▶ **WORK INSTRUCTION**
Print again, word for word, all of the records below, and leave the pictures out.

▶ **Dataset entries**
++++

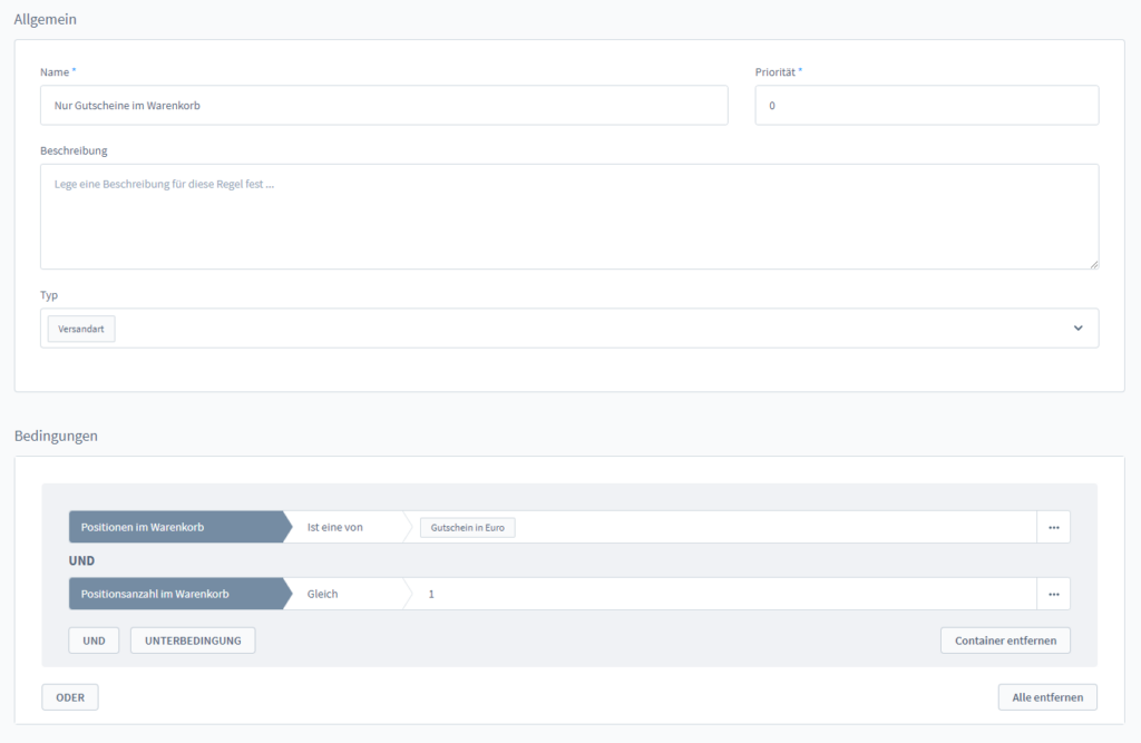 - Name: Nur Gutscheine im Warenkorb
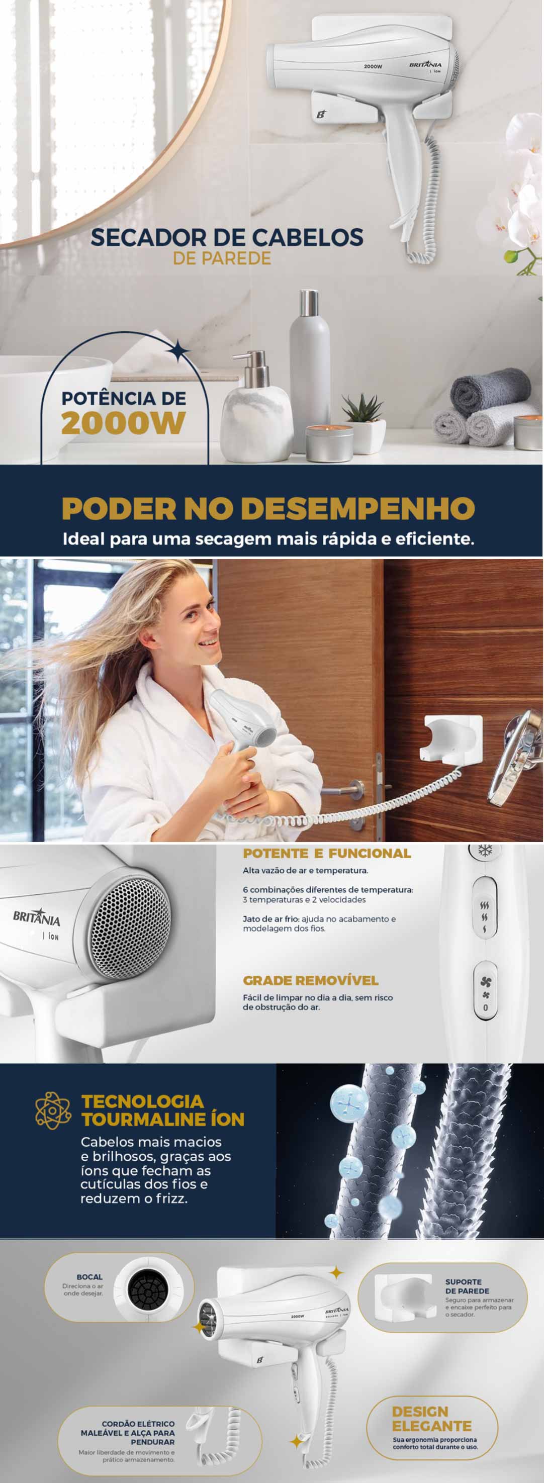 Secador de Cabelo de Parede Britania 2000w Luxx White 127V
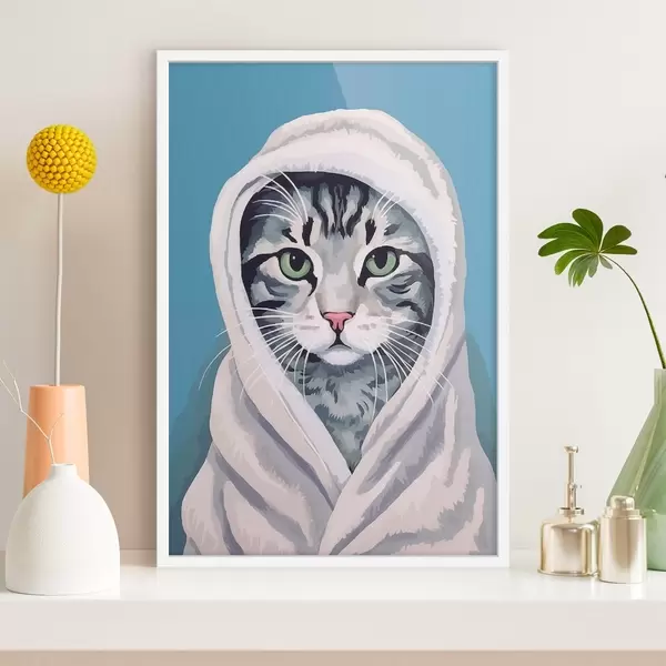 Poster Gestreepte kat in een witte handdoek Nr f46740
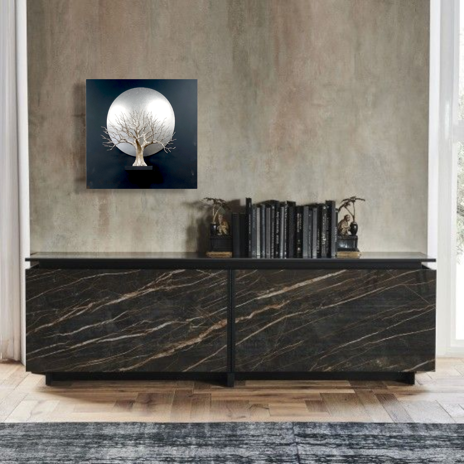 Χειροποίητη επιτοίχια ελιά σε ασημένιες και μπεζ αποχρώσεις.
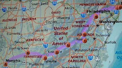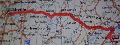 My way of saying that we started in Memphis and after a thirteen hundred mile journey thro TN, VA, PA and NJ we arrived at NY . Actually, plugging in all the stops, Mapquest comes up with a distance of 1273.41 miles
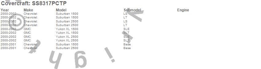 Below is an abbreviated list of applications for the SeatSaver Custom Seat Cover.Suburban 1500, Suburban 2500, Yukon XL 1500, Yukon XL 2500, Chevrolet, GMC, 2002, 2001, 2000
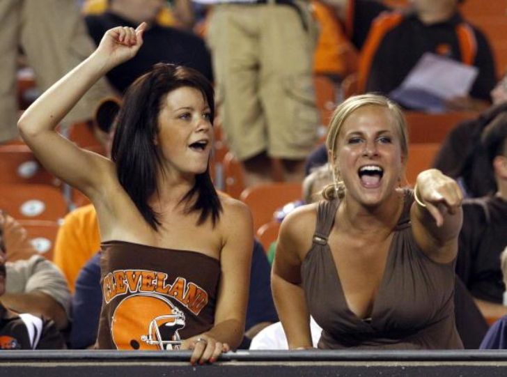 Hier sieht man zwei weibliche Fans der Cleveland Browns, einem Football-Team der US-amerikanischen National Football League. Sie sind mit voller Begeisterung dabei und feuern ihr Team an. Die eine Dame zeigt auf irgendetwas oder irgendjemanden. Es könnte ein Spieler sein, dem sie damit etwas sagen wollte oder vielleicht wollte sie ihre Freundin auf etwas aufmerksam machen. Diese schaut allerdings ganz woanders hin. Es könnte die Zeitanzeige oder der Spielstand sein. Wie das Spiel ausgegangen ist, wissen wir nicht, aber die beiden scheinen auf jeden Fall positiv gestimmt zu sein und waren mit Spaß bei der Sache. Solche Fans wünscht sich doch jeder Verein.
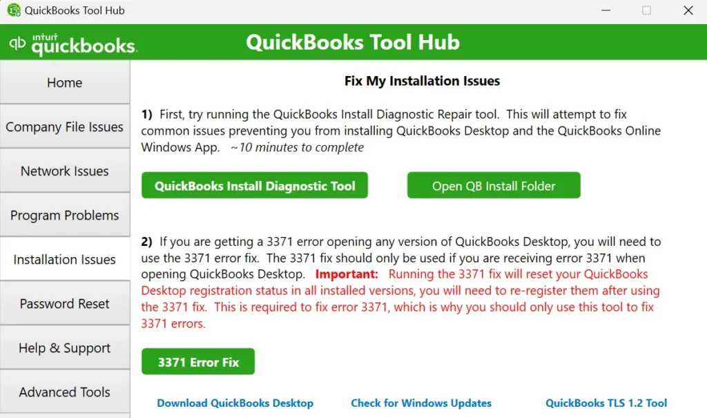 - Start by accessing the QB Tool Hub, and then click on Installation Issues
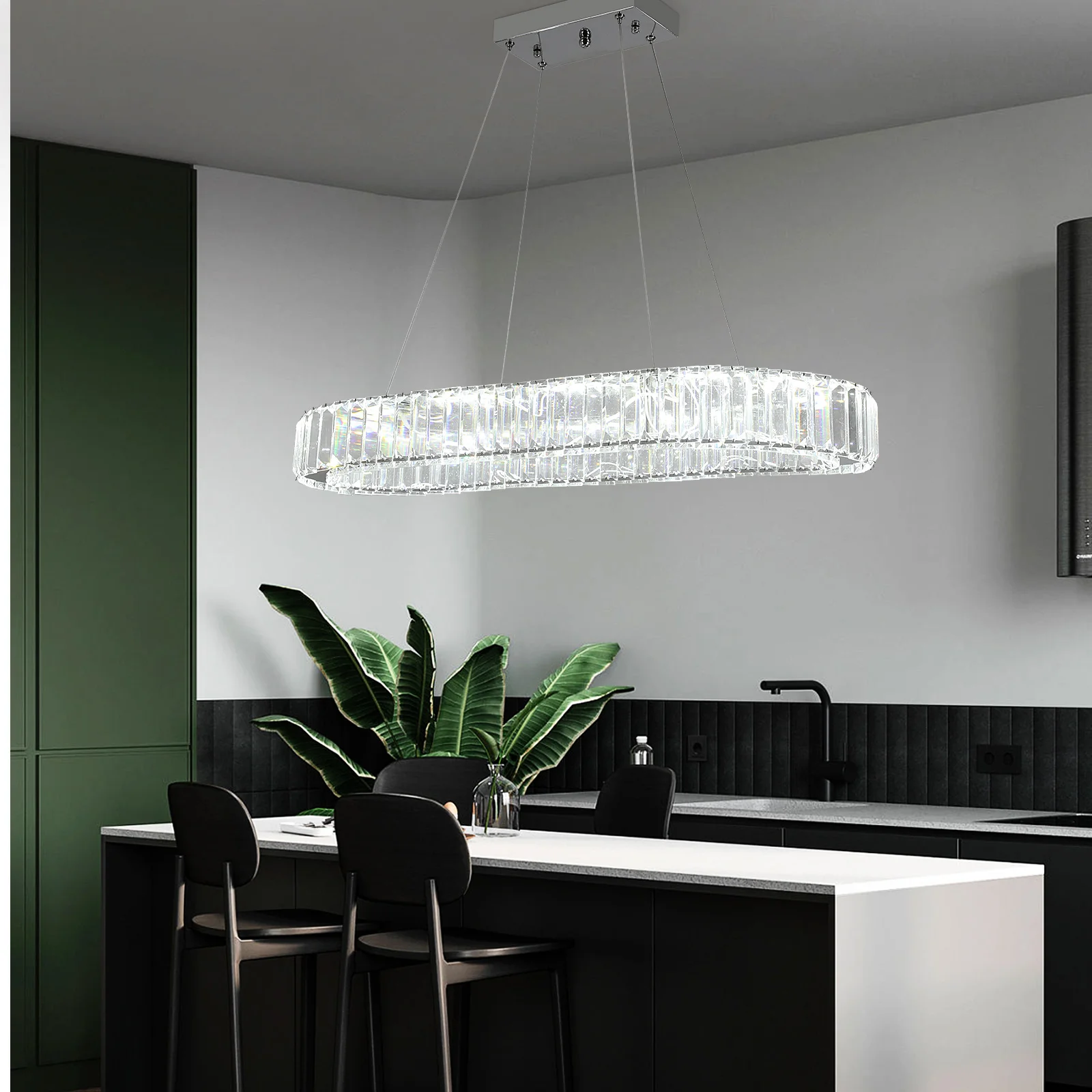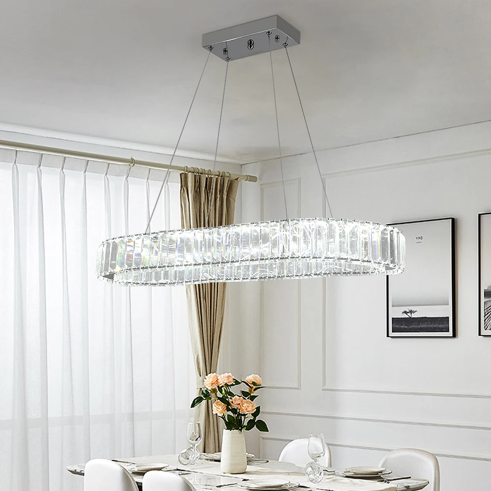 This modern luxury crystal chandelier features a stunning oval design that brings refined elegance and contemporary style to any space. Its sparkling crystal accents beautifully diffuse the LED light, creating a warm, inviting glow that enhances both residential and commercial interiors. The sleek Nordic‑inspired frame adds a minimalist sophistication, making it perfect for living rooms, bedrooms, dining areas, and hotel suites. Designed as a hanging pendant, it offers a graceful floating effect that instantly elevates the room’s ambiance. The integrated LED lighting ensures bright, energy‑efficient illumination with long‑lasting performance. Its balanced blend of luxury and simplicity makes it versatile enough for modern, Scandinavian, and upscale décor themes. Whether used as a statement piece in a grand entryway or as a refined centerpiece above a dining table, this chandelier delivers exceptional style and presence. It’s an ideal choice for anyone seeking a high‑end lighting fixture that combines beauty, function, and timeless design.
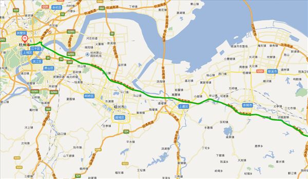 通途西路、杭州灣環(huán)線高速、機場高速,用時2小時16分鐘,共149公里。
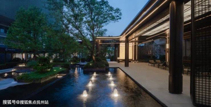 宽约54米的超尺度城市界面与定制式酒店入口大门,与悬浮式水景相映成趣,潺潺水声洗去尘嚣,瞬间将心境切换至度假模式。步入园区,匠心独运的多院落式主题花园布局如同一幅徐徐展开的画卷。
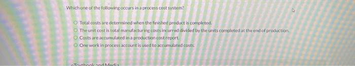 A high volumes of output b low unit costs c high amount of specialized equipment d skilled workers 37. Total costs are determined when the finished product is completed. All of these. One Work in Process account is maintained for all the processes similar to a job order cost system. FI - Financial Accounting. When the products are sold. Which of the following manufacturing cost elements occurs in a process cost system. In process cost systems costs are accumulated but not assigned. A Work in Process account is maintained for each product.
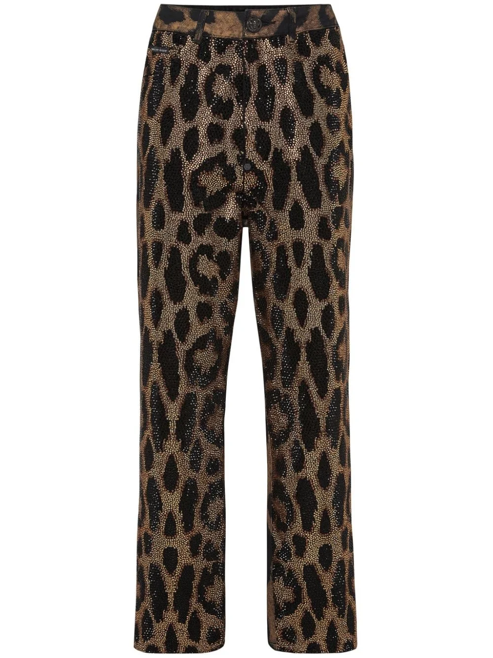 crystal-embellished leopard jeans Highlights - Chestnut brown/black - Cotton - Denim - All-over leopard print - Crystal embellishment - Logo patch to the rear - Logo patch to the front - Straight leg - Mid-rise - Belt loops - Front button and zip fastening - Classic five pockets Imported Composition Cotton 100% Lining: Polyester 65%, Cotton 35%
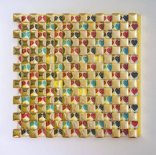 일본 유학 시절 순금 금박에 깊이 매료됐다는 작가는 금박과 자개를 작업에 수용해 큐브의 연속적인 형태를 선보이며 간결하면서도 세련된 현대적 조형성을 보여준다. 여러 겹의 금박과 큐브를 무수히 반복하여 덧붙이는 작가의 작업은 오랜 시간의 과정이 필요하다. 이는 수행과도 같다.
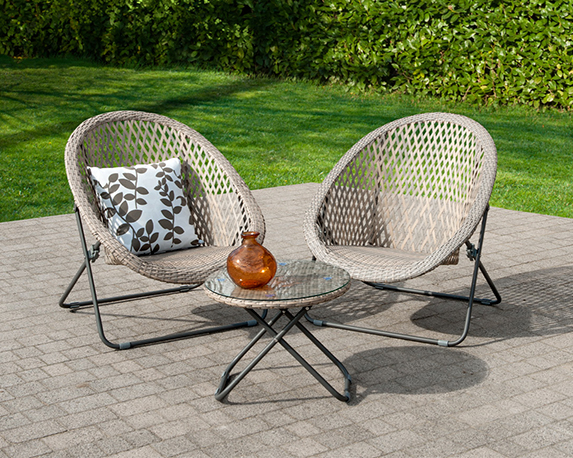 Set Salotto Tavolino Merrigan + 2 Poltrone Antracite in Alluminio e Polipropilene – Bizzotto
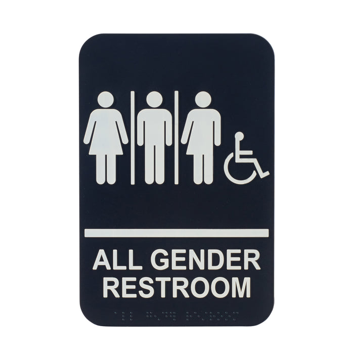 The Winco All-Gender Accessible Sign boasts a sleek black background with a white imprint, providing high contrast for easy visibility. The inclusion of braille ensures that visually impaired guests can navigate your establishment with confidence and ease. This thoughtful design not only meets ADA compliance but also demonstrates your commitment to inclusivity and accessibility.
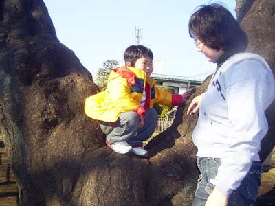 木登り初挑戦。 子ザルの置物のようだった。 |
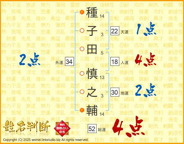 種子田慎之輔さんの総運は52画の4点!
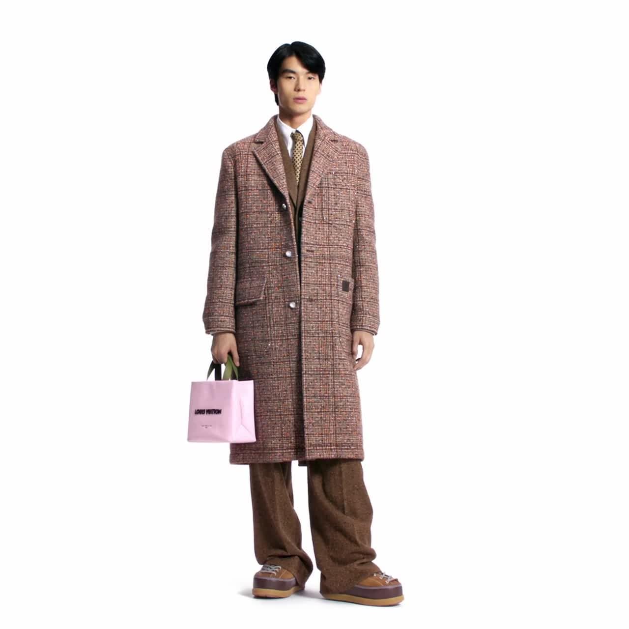 This elegant tailored tweed coat draws on the Fall-Winter 2025 show’s exchange of dandy and streetwear codes. It is crafted from speckled tweed in warm brown tones and adorned with lustrous pearly buttons. Workwear details include riveted patch pockets, while a leather Marque L. Vuitton Déposée patch adds a smart finishing touch.
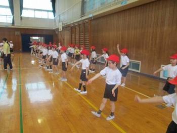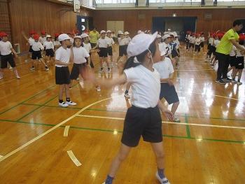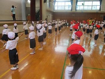 運動会の練習では、1年生と2年生が合同でエイサーの練習です。
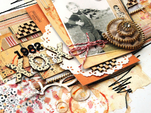 On this layout I used 2 beautiful Sizzix dies - and the composition just came to my mind in a moment! A circle goes beautifully with the doily I used and the decorative strip - gives extra depth and dimension.
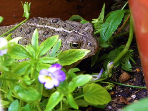 I keep finding it on the threshold of our backdoor. Have actually had conversations with the toad in the evening. He sits on the threshold and will not move even when we go in and out several times. I keep telling him/her that he’s not allowed in the house and to go find a new place to hang out 🙂
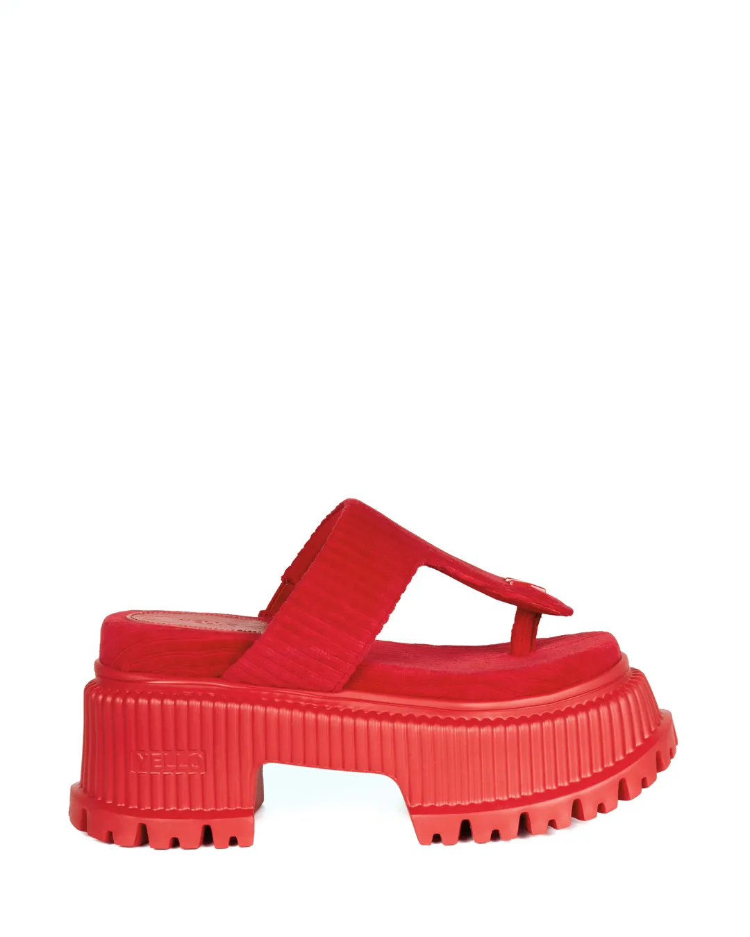 A refined platform thong sandal featuring a catchy original sole, finished with a subtly casual mood.

++++

▶ **RESULT OF THIS EXERCISE**
 - Name: Nur Gutscheine im Warenkorb
 Secador de Cabelo de Parede Britania 2000w Luxx White 127V
 Poster Gestreepte kat in een witte handdoek Nr f46740
 Χειροποίητη επιτοίχια ελιά σε ασημένιες και μπεζ αποχρώσεις.
 My way of saying that we started in Memphis and after a thirteen hundred mile journey thro TN, VA, PA and NJ we arrived at NY . Actually, plugging in all the stops, Mapquest comes up with a distance of 1273.41 miles
 Below is an abbreviated list of applications for the SeatSaver Custom Seat Cover.Suburban 1500, Suburban 2500, Yukon XL 1500, Yukon XL 2500, Chevrolet, GMC, 2002, 2001, 2000
 Hier sieht man zwei weibliche Fans der Cleveland Browns, einem Football-Team der US-amerikanischen National Football League. Sie sind mit voller Begeisterung dabei und feuern ihr Team an. Die eine Dame zeigt auf irgendetwas oder irgendjemanden. Es könnte ein Spieler sein, dem sie damit etwas sagen wollte oder vielleicht wollte sie ihre Freundin auf etwas aufmerksam machen. Diese schaut allerdings ganz woanders hin. Es könnte die Zeitanzeige oder der Spielstand sein. Wie das Spiel ausgegangen ist, wissen wir nicht, aber die beiden scheinen auf jeden Fall positiv gestimmt zu sein und waren mit Spaß bei der Sache. Solche Fans wünscht sich doch jeder Verein.
 - Start by accessing the QB Tool Hub, and then click on Installation Issues
 This modern luxury crystal chandelier features a stunning oval design that brings refined elegance and contemporary style to any space. Its sparkling crystal accents beautifully diffuse the LED light, creating a warm, inviting glow that enhances both residential and commercial interiors. The sleek Nordic‑inspired frame adds a minimalist sophistication, making it perfect for living rooms, bedrooms, dining areas, and hotel suites. Designed as a hanging pendant, it offers a graceful floating effect that instantly elevates the room’s ambiance. The integrated LED lighting ensures bright, energy‑efficient illumination with long‑lasting performance. Its balanced blend of luxury and simplicity makes it versatile enough for modern, Scandinavian, and upscale décor themes. Whether used as a statement piece in a grand entryway or as a refined centerpiece above a dining table, this chandelier delivers exceptional style and presence. It’s an ideal choice for anyone seeking a high‑end lighting fixture that combines beauty, function, and timeless design.
 通途西路、杭州灣環(huán)線高速、機場高速,用時2小時16分鐘,共149公里。
 宽约54米的超尺度城市界面与定制式酒店入口大门,与悬浮式水景相映成趣,潺潺水声洗去尘嚣,瞬间将心境切换至度假模式。步入园区,匠心独运的多院落式主题花园布局如同一幅徐徐展开的画卷。
 A high volumes of output b low unit costs c high amount of specialized equipment d skilled workers 37. Total costs are determined when the finished product is completed. All of these. One Work in Process account is maintained for all the processes similar to a job order cost system. FI - Financial Accounting. When the products are sold. Which of the following manufacturing cost elements occurs in a process cost system. In process cost systems costs are accumulated but not assigned. A Work in Process account is maintained for each product.
 crystal-embellished leopard jeans Highlights - Chestnut brown/black - Cotton - Denim - All-over leopard print - Crystal embellishment - Logo patch to the rear - Logo patch to the front - Straight leg - Mid-rise - Belt loops - Front button and zip fastening - Classic five pockets Imported Composition Cotton 100% Lining: Polyester 65%, Cotton 35%
 일본 유학 시절 순금 금박에 깊이 매료됐다는 작가는 금박과 자개를 작업에 수용해 큐브의 연속적인 형태를 선보이며 간결하면서도 세련된 현대적 조형성을 보여준다. 여러 겹의 금박과 큐브를 무수히 반복하여 덧붙이는 작가의 작업은 오랜 시간의 과정이 필요하다. 이는 수행과도 같다.
 Set Salotto Tavolino Merrigan + 2 Poltrone Antracite in Alluminio e Polipropilene – Bizzotto
 The Winco All-Gender Accessible Sign boasts a sleek black background with a white imprint, providing high contrast for easy visibility. The inclusion of braille ensures that visually impaired guests can navigate your establishment with confidence and ease. This thoughtful design not only meets ADA compliance but also demonstrates your commitment to inclusivity and accessibility.
 木登り初挑戦。 子ザルの置物のようだった。 |
 種子田慎之輔さんの総運は52画の4点!
 This elegant tailored tweed coat draws on the Fall-Winter 2025 show’s exchange of dandy and streetwear codes. It is crafted from speckled tweed in warm brown tones and adorned with lustrous pearly buttons. Workwear details include riveted patch pockets, while a leather Marque L. Vuitton Déposée patch adds a smart finishing touch.
 運動会の練習では、1年生と2年生が合同でエイサーの練習です。
 On this layout I used 2 beautiful Sizzix dies - and the composition just came to my mind in a moment! A circle goes beautifully with the doily I used and the decorative strip - gives extra depth and dimension.
 I keep finding it on the threshold of our backdoor. Have actually had conversations with the toad in the evening. He sits on the threshold and will not move even when we go in and out several times. I keep telling him/her that he’s not allowed in the house and to go find a new place to hang out 🙂
 A refined platform thong sandal featuring a catchy original sole, finished with a subtly casual mood.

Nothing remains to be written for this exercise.